(641g) Condition and Particle Size Effects on the Interconversion between Nanoparticles and Cations in Pd-Exchanged SSZ-13 Zeolites

Metal-exchanged zeolites, though often exhibiting enhanced resistance to reduction and sintering in comparison to other supported metal cation counterparts, may gradually lose their potency in reducing environments. Optimization of zeolite synthesis and process conditions can thus be aided by molecular level knowledge of the mechanism for metal or metal-oxide nanoparticles to regenerate and convert to metal cations. This is of particular importance for Pd-exchanged SSZ-13 zeolites, whose ability to adsorb NO at low temperatures make it a promising candidate for emissions control. Computational and experimental studies have established that Pd cations are responsible for NO adsorption.

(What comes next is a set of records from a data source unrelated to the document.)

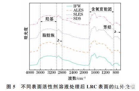 不同溶液處理后煤樣的含氧官能團(tuán)吸收帶的峰面積和官能團(tuán)占比見(jiàn)表1。由表1可知,經(jīng)IFW、ALES、SLES和SDS溶液處理后煤樣的C-O-C的峰面積分別為13.87、14.46、14.73和13.43。表明ALES、SLES在LRC表面均發(fā)生了明顯吸附。由于SDS不含烷基醚基團(tuán),經(jīng)SDS溶液處理后煤樣的烷基醚基團(tuán)所對(duì)應(yīng)的峰面積并沒(méi)有明顯增加。由于NH4+(1385~1500 cm-1)的非對(duì)稱變角振動(dòng)與-CH3、-CH2的變形振動(dòng)重合,因此將-CH3、-CH2的變形振動(dòng)對(duì)應(yīng)的峰面積進(jìn)行加和分析。經(jīng)不同溶液處理后煤樣的NH+的非對(duì)稱變角振動(dòng)的峰面積占比分別由25.6%(IFW)增加至26.7%(ALES)、25.9%(SLES)和26.8%(SDS);-CH3和-CH2所占峰面積分別由69.55(IFW)增至75.38(ALES)、71.76(SLES)和72.02(SDS)。上述分析表明,ALES在LRC表面的吸附量要明顯大于SLES和SDS在LRC表面的吸附量。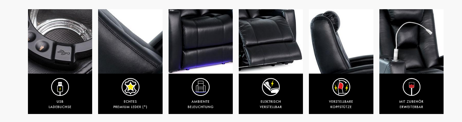Individuell konfigurierbar: Passen Sie Ihren Kinosessel mit vielfältigen Optionen an Ihre Bedürfnisse an – von der Ambientebeleuchtung bis zum Weinglashalter.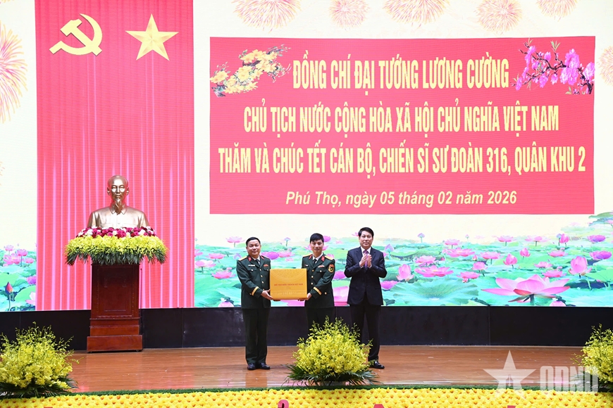 | Chủ tịch nước Lương Cường thăm, chúc Tết Sư đoàn 316. |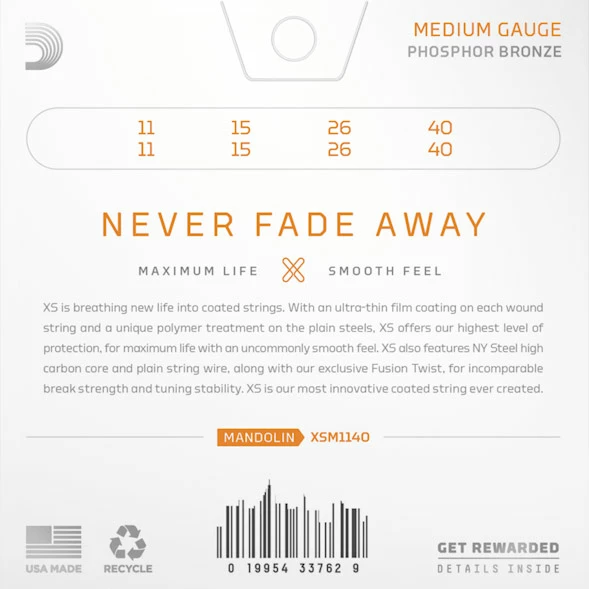 “D’Addario XS Mandolin strings combine our most popular acoustic alloy with our most advanced string coating technology, resulting in clear tone, smooth feel, and superior tuning stability—all with the longest possible string life.”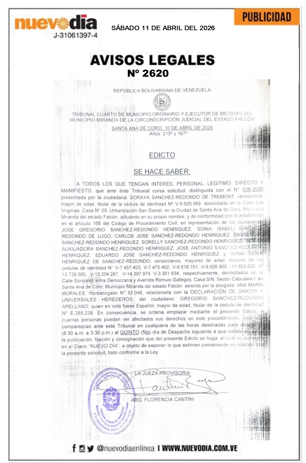 InicioPublicidadLegales PublicidadLegales Edicto.Gregorio Sánchez Redondo Arellano. 11/04/2026 FacebookTwitterPinterestWhatsApp 2620. 11-04-2026 Cuota FacebookTwitterPinterestWhatsApp Artículo anteriorCartel de Citación.Gustavo Adolfo Navas Mendoza.Artículo siguienteAlcalde de Colina supervisó inmuebles que serán intervenidos en La Vela Mercadeo NuevoDia Noticias Relacionadas Legales Cartel de Citación.Gustavo Adolfo Navas Mendoza. Legales Edicto.Marba Nahairobis Roque Gotopo. Legales Acta de Asamblea Extraodinaria.Mundo Motor’s 2024.C.A. Redes Sociales20,299FansMe gusta112,425SeguidoresSeguir4,600SuscriptoresSuscribirte Últimas noticias Destacadas Maestros entregan propuestas para recuperar ingreso económico al ministro Rodríguez Destacadas Así quedaron las tarifas de los peajes tras nuevo aumento Cargar más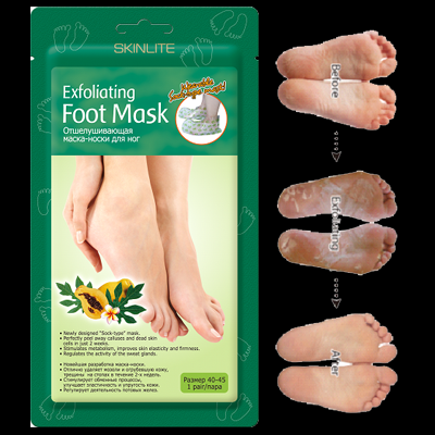 SKINLITE Маска-НОСКИ д/НОГ отшелушивающая 1пара(40-45размер) ПАКЕТИК

In the presence of CO and H₂O, Pd cations aggregate to form Pd⁰ clusters, which oxidize to form PdO nanoparticles, leading to a loss in NO adsorption capacity. Here, employing density functional theory (DFT) calculations, and first-principles thermodynamic modeling, we formulate phase diagrams that demonstrate that nanoparticle size, gas conditions, and zeolite composition, dictate the conditions under which the regeneration of PdO particles to cations can occur. Our results substantiate the experimentally observed difficulty to solid-state ion exchange Pd into zeolites from large PdO nanoparticles at temperatures < 800 K. Further, we show that factors such as nanoparticle size, density of proximal Al sites in the zeolite, and O₂ and H₂O pressures, sensitively influence the maximum extent of ion exchange. We demonstrate through computational modeling and experiment that, contrary to prior proposals, H₂O inhibits conversion of PdO nanoparticles to Pd cations. We show that interconversion thermodynamics do not tell the complete story; ion exchange is kinetically limited for larger particles. Prior studies have proposed a non-elementary mechanism whereby PdO particles eject mobile Pd(OH)₂ precursors via interfacial detachment and migration. We report DFT calculations that investigate plausible intermediates and barriers that may facilitate cation exchange, and determine the role of H₂O in the interconversion mechanism.